3. "The qualification of a witness as an expert in a particular field is within the sound discretion
of the trial judge." Smoak v. Liebherr-Am., Inc., 281 S.C. 420, 422, 315 S.E.2d 116, 118
(1984). Where the expert's testimony is based upon facts sufficient to form the basis for an
opinion, the trier of fact determines its probative weight. Berkeley Electric Coop. v. S.C. Pub.
Service Comm'n, 304 S.C. 15, 402 S.E.2d 674 (1991); See also Smoak, supra. Furthermore, a
trier of fact is not compelled to accept an expert's testimony, but may give it the weight and
credibility he determines it deserves. Florence County Dep't of Social Services v. Ward, 310
S.C. 69, 425 S.E.2d 61 (1992). He also may accept one expert's testimony over that of another. S.C. Cable Television Ass'n v. Southern Bell Telephone and Telegraph Co., 308 S.C. 216, 417
S.E.2d 586 (1992).
4. Contrary to the Petitioners' assertions, the requirements of 25 S.C. Code Ann. Regs. §§ 61-68
and 61-101 (Supp. 2000) are not applicable to the issuance of the Permits, pursuant to 25 S.C.
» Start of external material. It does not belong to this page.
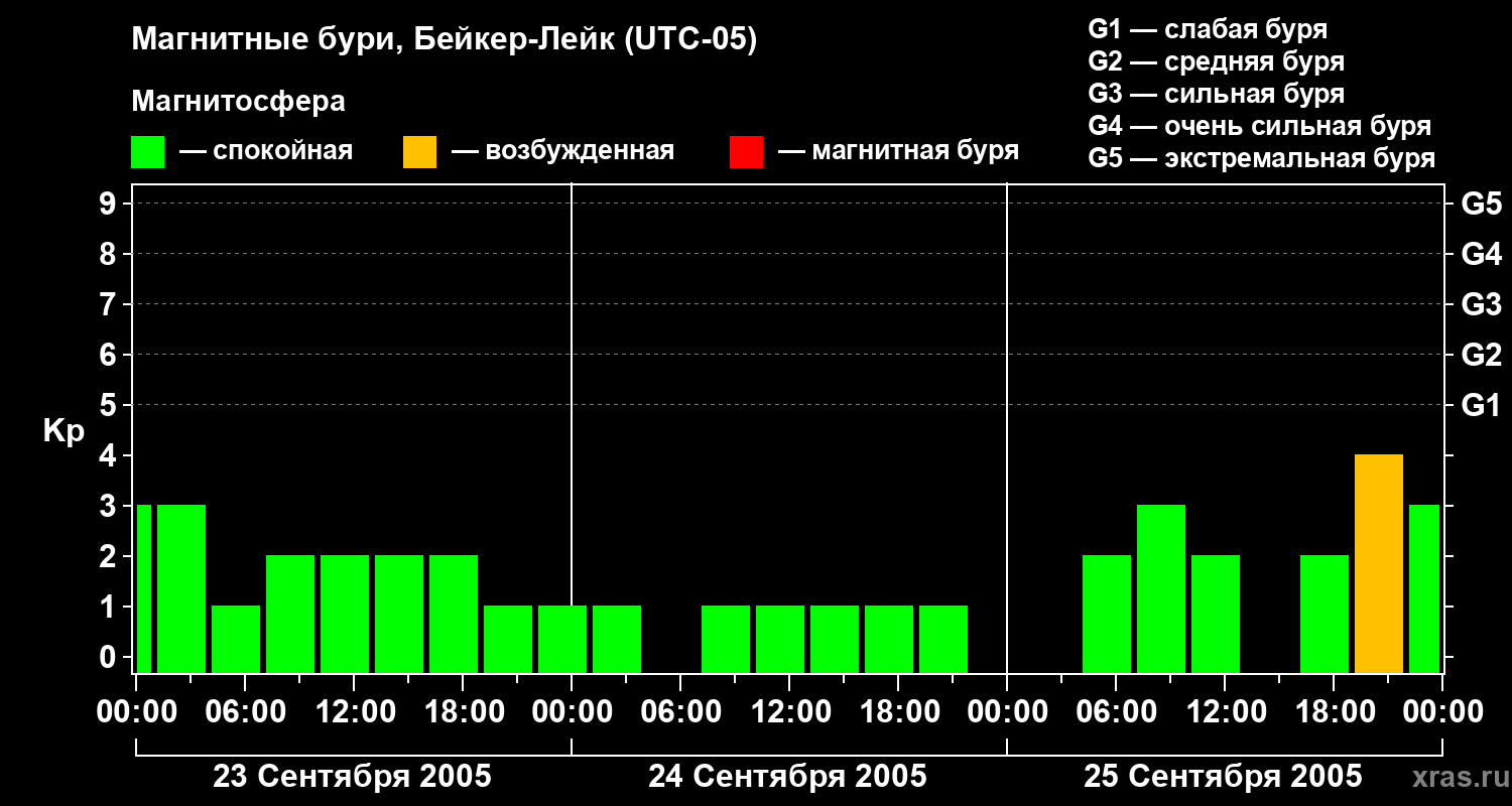 Изменения геомагнитного индекса Kp с 23 по 25 сентября 2005 года для средних широт

Code Ann. Regs. 61-67 (Supp. 2000).
5. The Department has the duty and authority to regulate the discharge of pollutants through the
Pollution Control Act. That regulatory authority includes the oversight of the issuance of
permits for the construction of sewer lines. See S.C. Code Ann. §§ 48-1-10, et seq. (1987 and
Supp. 2000). As a result, it is unlawful to construct or install a waste water disposal system until
the plans have been submitted to and approved by the Department. Specifically, Section 48-1-110 requires any person wishing to construct or install a disposal system or source, which
includes construction of the gravity sewer lines at issue in this case, to first obtain a permit from
the Department. Additionally, Section 48-1-50(5) gives the Department the authority to,
among other things, issue permits and place conditions on such permits.
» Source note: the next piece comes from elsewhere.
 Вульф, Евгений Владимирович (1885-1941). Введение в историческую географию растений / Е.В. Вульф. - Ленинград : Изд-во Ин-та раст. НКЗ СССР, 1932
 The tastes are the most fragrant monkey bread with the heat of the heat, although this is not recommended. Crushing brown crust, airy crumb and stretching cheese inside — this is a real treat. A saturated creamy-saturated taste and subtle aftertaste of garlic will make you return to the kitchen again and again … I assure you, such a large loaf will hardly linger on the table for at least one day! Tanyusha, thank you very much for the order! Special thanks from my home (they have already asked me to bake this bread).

Design and Construction Requirements
6. Pursuant to S.C. Code Ann. §§ 48-1-110 and 48-1-50 (1987 and Supp. 2000), the Department
promulgated Regulation 61-67. Regulation 61-67 sets forth the engineering design and
construction requirements the Department applies in determining whether to issue permits for
construction of all wastewater treatment facilities and all wastewater collection and transmission
facilities. Specifically, Section 100 of Regulation 61-67 sets forth certain general requirements
applicable to all permits issued under the regulation, including the contents of the permit
application and the requirement that it be stamped and signed by a professional engineer.
Section 200 of Regulation 61-67 addresses the requirements for the Preliminary Engineering
Report(s) which must be submitted to the Department. Section 300 of Regulation 61-67 sets
forth the requirements for Construction Permits, with subsection (A) addressing certain general
requirements and subsection (B) addressing specific requirements applicable to Gravity Sewer
Lines/Collection Systems. The Construction Packages for Phases IA and II met all statutory and
regulatory requirements of Regulation 61-67.
208 Plan
7. The Petitioners argue that the Department must make the determination that the proposed
construction is in compliance with the applicable 208 Water Quality Management Plan. 25 S.C.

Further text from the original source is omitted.